GeoLOD: A Toponym Platform to Connect Japanese Historical Gazetteers and Historical Big Data Apps

1. Introduction

Place names (toponyms) have been widely used to refer to places, from people's daily communications to official documents over a wide range of spatial and temporal scales. A place name connects the textual and the geographic representation of a place or a region of interest. Here, the textual representation includes variations or alternative names, and the geographic representation consists of a representative point or a polygonal boundary. In addition, both representations should have temporal dimensions for historical big data research [1].

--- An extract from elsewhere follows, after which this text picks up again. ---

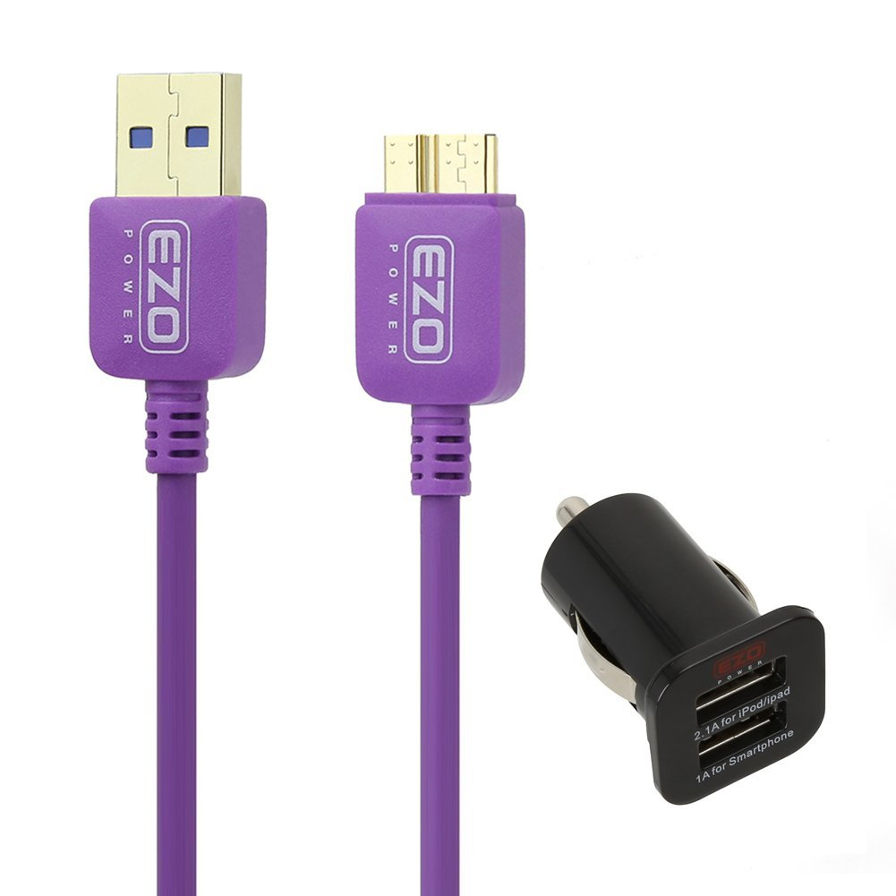 2-Port USB Car Charger Adapter, Micro-USB 3.0, Black/Purple

GeoLOD [2] is a platform to manage both representations of a place and serve as the hub of information about place names [3]. The key functionality is to assign a place identifier, GeoLOD ID, for each entry in a gazetteer. Both textual and geographic representations of a place are stored as metadata of the place identifier. Those metadata can be retrieved through the API, thus allowing other apps to share the place identifier for various purposes. In the following, we discuss how GeoLOD connects gazetteers and apps for historical big data research, as shown in Figure 1.

Historical place names are an essential resource for historical research [4, 5]. For example, the World Historical Gazetteer collects names of historical places worldwide. However, our motivation to build a new platform, the GeoLOD, is two-fold: (1) the platform should have Japanese language-specific features, and (2) the platform should improve data quality progressively based on stakeholder feedback. Here, the definition of a place name is loose because each gazetteer was built on a different definition. In future work, we plan to define a semantic relationship between place names to unify the variety of definitions.

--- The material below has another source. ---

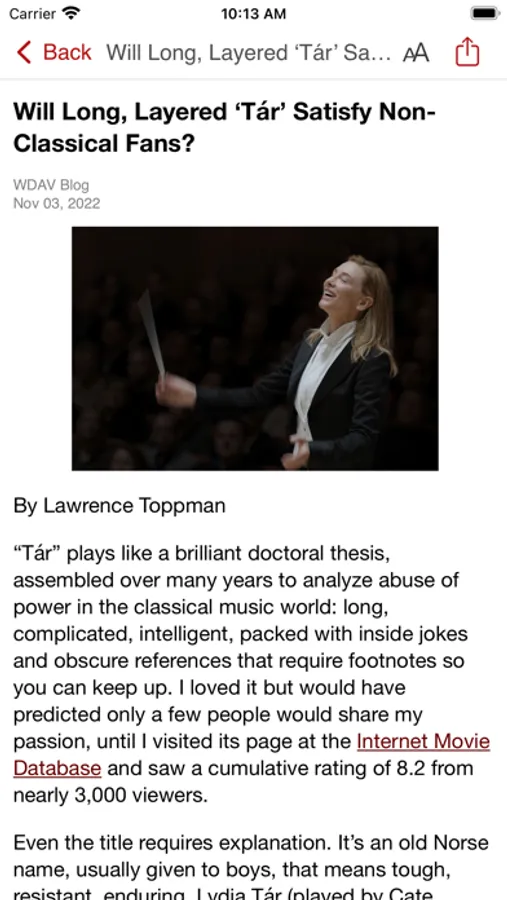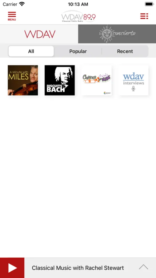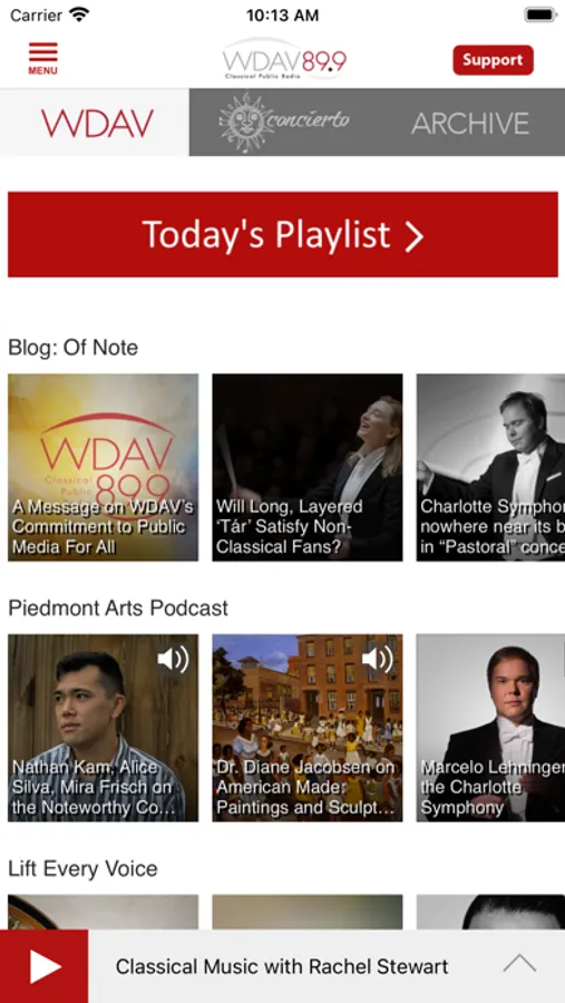 • Listen to WDAV while traveling. Start the app and push play. Your classical companion is with you wherever you go.

2. Japanese Historical Gazetteer

First, we introduce the Historical Place Name Data [6], published by the National Institute for the Humanities and the H-GIS Research Group. This is one of the largest machine-readable Japanese historical place names datasets, with 298,914 entries. Most of the place names were collected from old maps published in the Meiji and Taisho eras (about 100 years ago), and the coordinates of place names are determined by the location of labels on the map, as shown in Figure 2 [7].

Second, we developed Edo Maps [8], the collection of about 9000 place names in Edo, a city later renamed Tokyo, as shown in Figure 3. Those place names were collected from 29 sheets of old maps published around 1850, and the place names were transcribed from the maps with coordinates on the old maps. Coordinates were later converted to latitude and longitude through georeferencing using the Map Warper web service [9]. This dataset is valuable for studying the urban environments of the historical city of Edo.

Third, we developed the Historical Administrative Boundary Dataset [10], integrating several open datasets from the Japanese government to establish identifiers for Japanese cities and towns after the current administrative system started in 1889. We have already released a complete dataset after 1920 to visualize the temporal boundary change over time, as shown in Figure 4. This dataset is valuable for studying modern Japan after the Meiji Era.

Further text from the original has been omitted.